**TASK DETAILS**
Which lines come from the start of the listing through the line holding "Con la caseta"? Restate exactly those, both included, minus the pictures.

++++ SOURCE MATERIAL

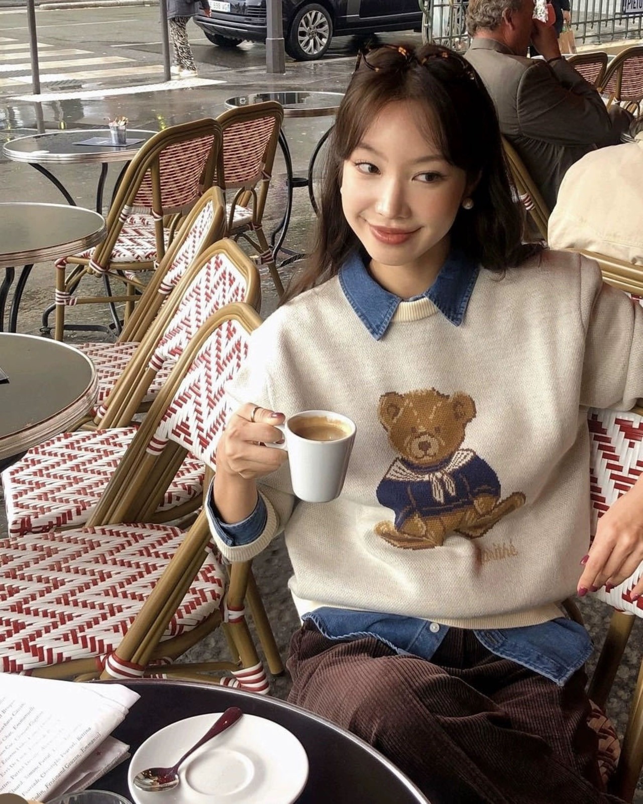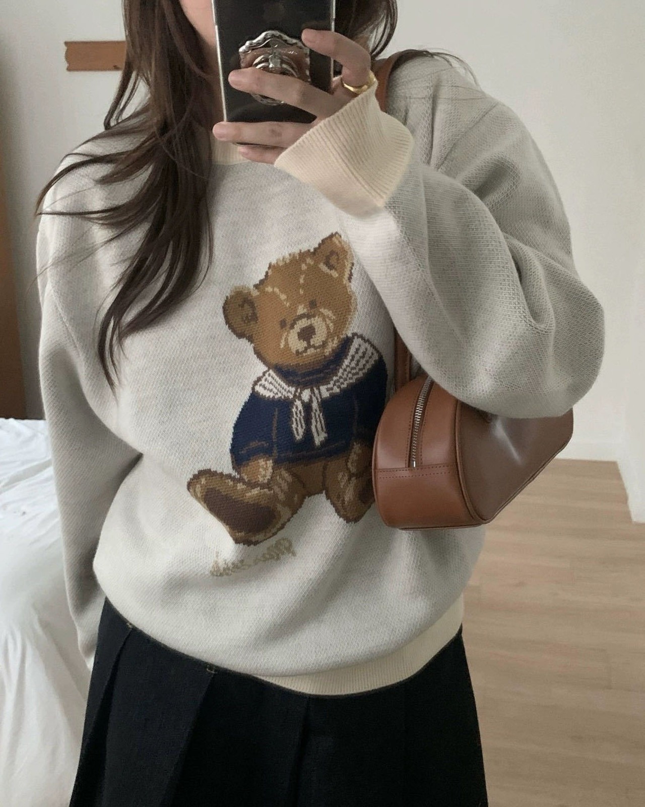人気 韓国 Marithe + Francois Girbaud マリテフランソワジルボー レディースファッション トップス ニット セーター DOODLE BEAR SWEATER IVORY
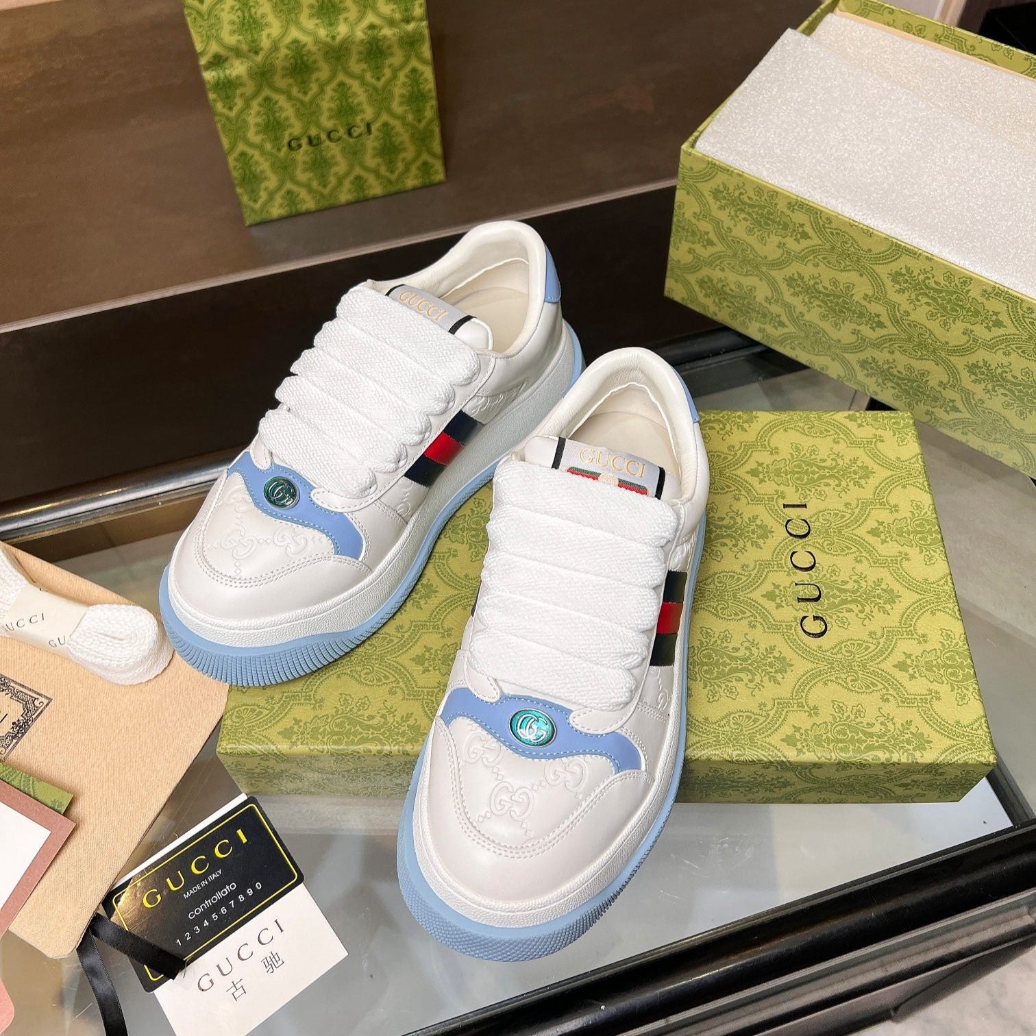 GG Men's Screener Sneaker White Blue Canvas Sheepskin 523602
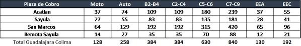 Con la caseta de Acatlán y la de Sayula los automovilistas seguirán pagando 129 pesos, aunque las personas que viajan por la autopista y se dirigen a municipios como Sayula o Gómez Farías tendrán que pagar 27 pesos adicionales.
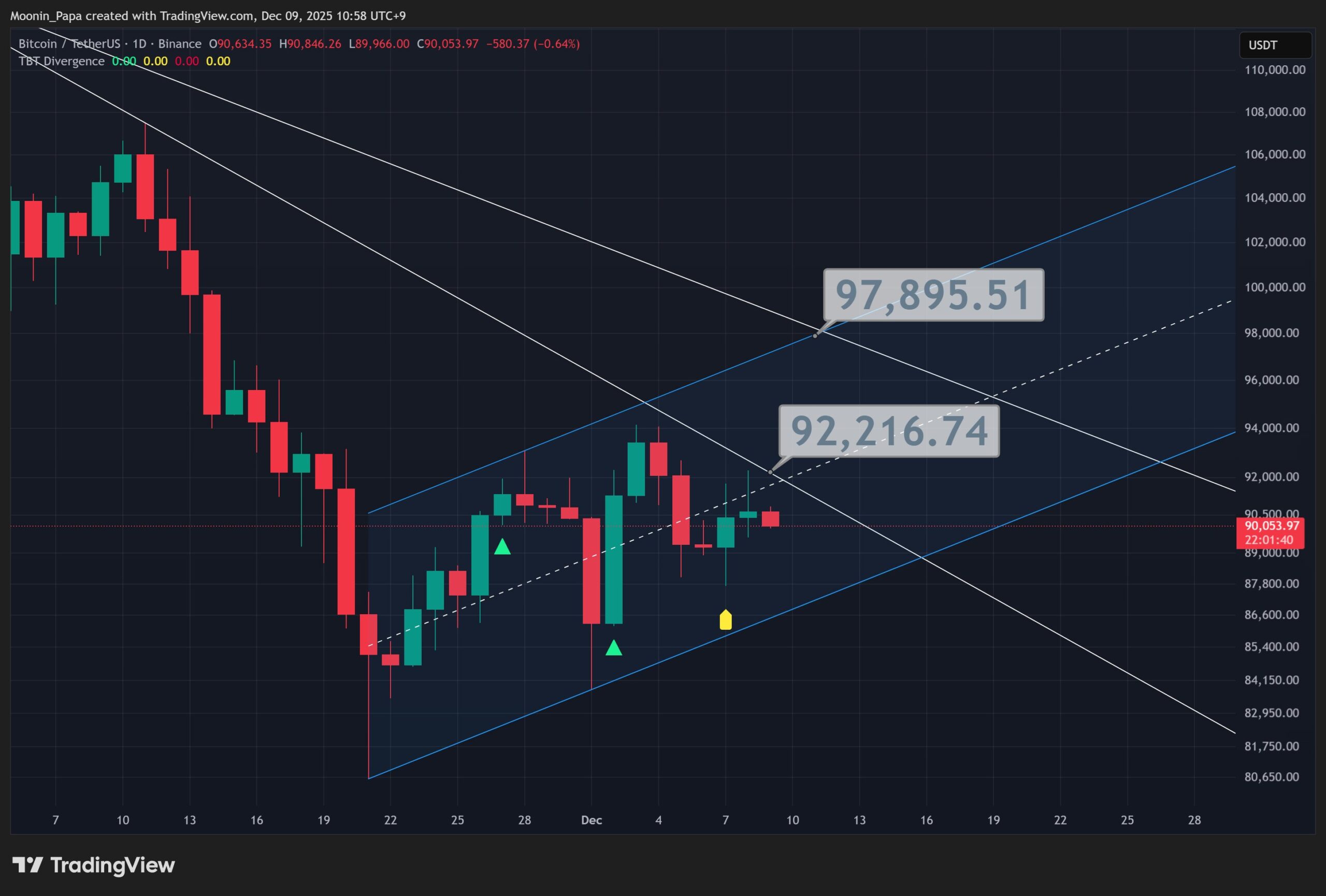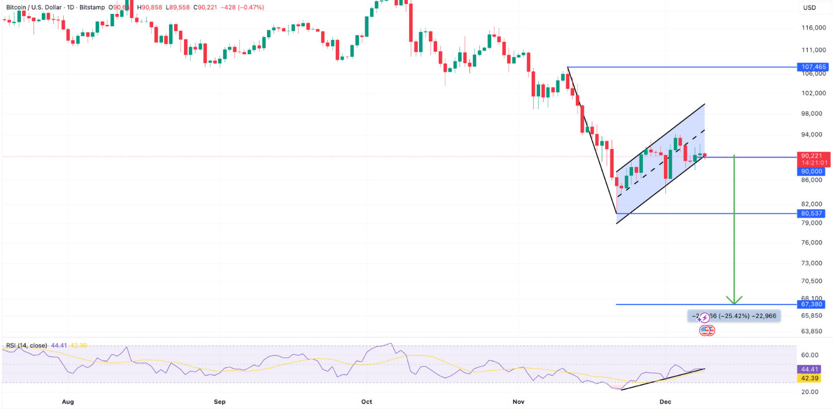 “Bitcoin nearly tested the first resistance zone level yesterday. It continues to remain within the bear flag and is likely to revisit support around $86,000-$87,000. If Bitcoin rises, it will face resistance at $92,216, followed by resistance below the upper bear flag line around $98,000.
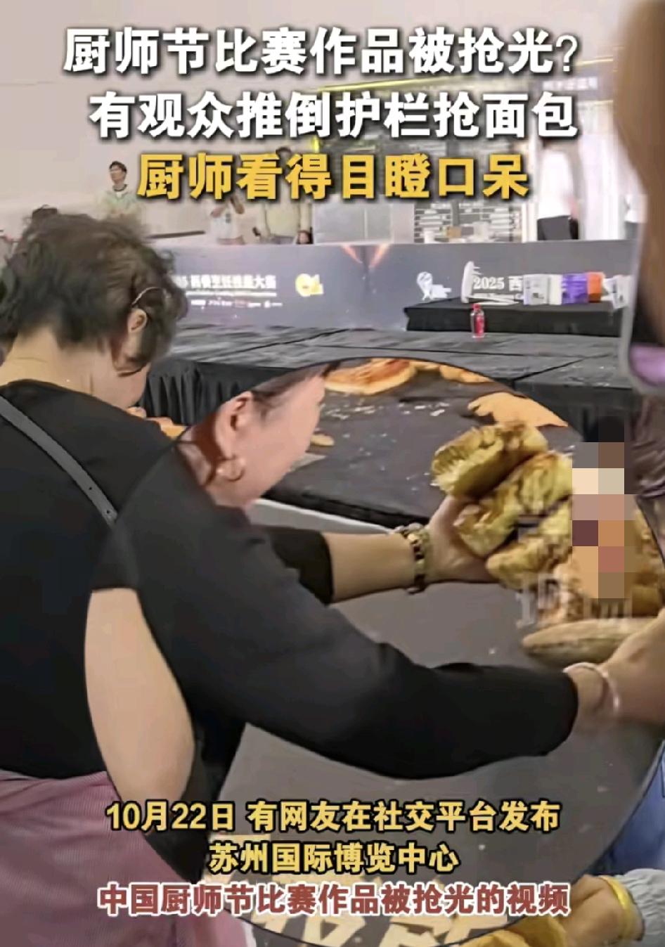 10月22日,网友分享了一段视频,有关于苏州国际博览中心中国厨师大赛现场,不少大妈在展台上抢走了许多做好的面包,厨师们看着目瞪口呆。不知道这些面包是否被主办方允许可以拿走,如果不是的话,这样的形象实在是太差了。
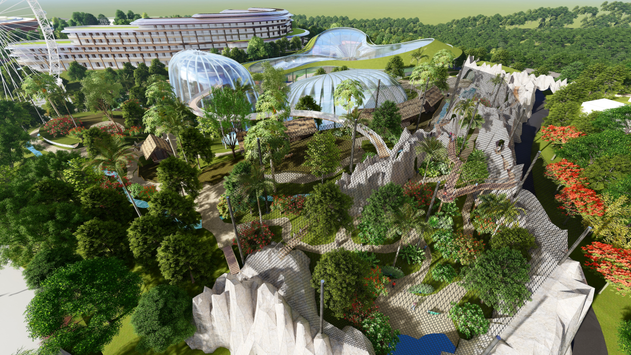 生态保护是项目的前提,项目将秉持“山水共生”的理念,利用现有地形地貌建设,最大限度地减少对原有生态系统的干扰,并且以项目实现生态效益增值,比如说海豚湾、冰雪世界、国家级大型植物园等项目,都能提升区域的生物多样性和生态价值。
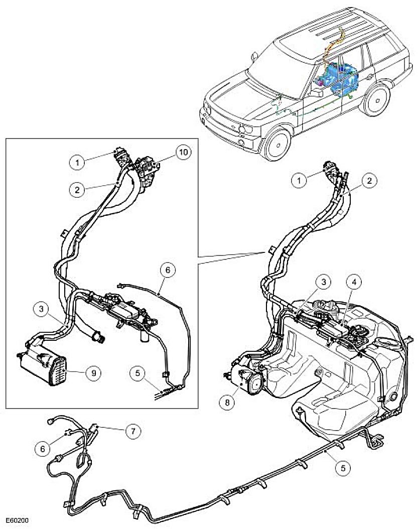 The purge hose is routed from the purge valve, along the top of the left hand rocker cover to a quick release coupling. From the coupling, the hose is routed down the left hand side of the engine compartment to the purge line which runs parallel with the fuel feed line along underside of the vehicle and across the top of the fuel tank to the charcoal canister.
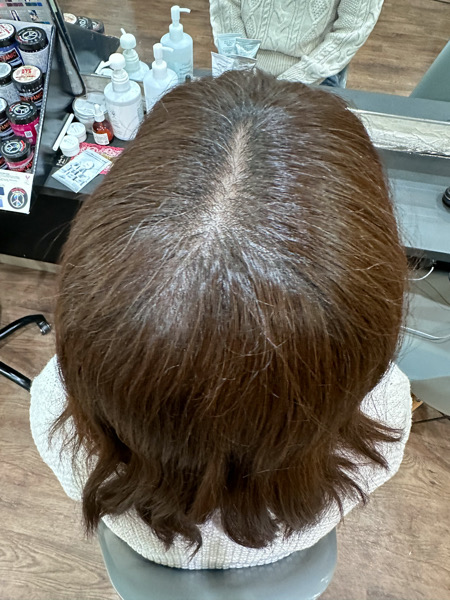白髪染めをする世代の髪の毛の縮毛矯正はエイジング毛でダメージを負いやすい特徴もあるので今回もしっかりとベホマトリートメントをしながら施術をすることにします。
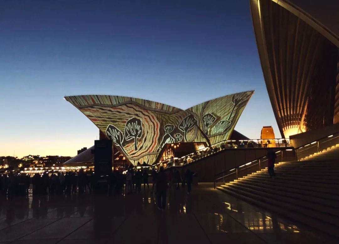 Badu Gili指的是“水灯”,从落日时分至晚上9点期间,歌剧院会穿上五彩服装,展示一场以澳洲原住民的艺术图腾作为设计灵感的灯光秀。
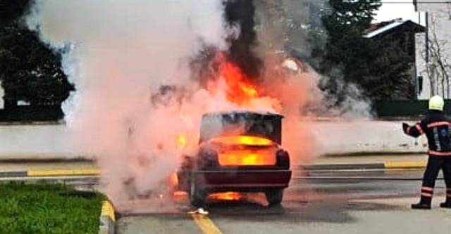 İlk kaza Pazarköyü Mahallesinde meydana geldi. H.G. ye ait olduğu belirlenen otomobil yandı ve kullanılmaz hala geldi.

++++++++

**ANSWER TO THE PROBLEM**
人気 韓国 Marithe + Francois Girbaud マリテフランソワジルボー レディースファッション トップス ニット セーター DOODLE BEAR SWEATER IVORY
 GG Men's Screener Sneaker White Blue Canvas Sheepskin 523602
 Con la caseta de Acatlán y la de Sayula los automovilistas seguirán pagando 129 pesos, aunque las personas que viajan por la autopista y se dirigen a municipios como Sayula o Gómez Farías tendrán que pagar 27 pesos adicionales.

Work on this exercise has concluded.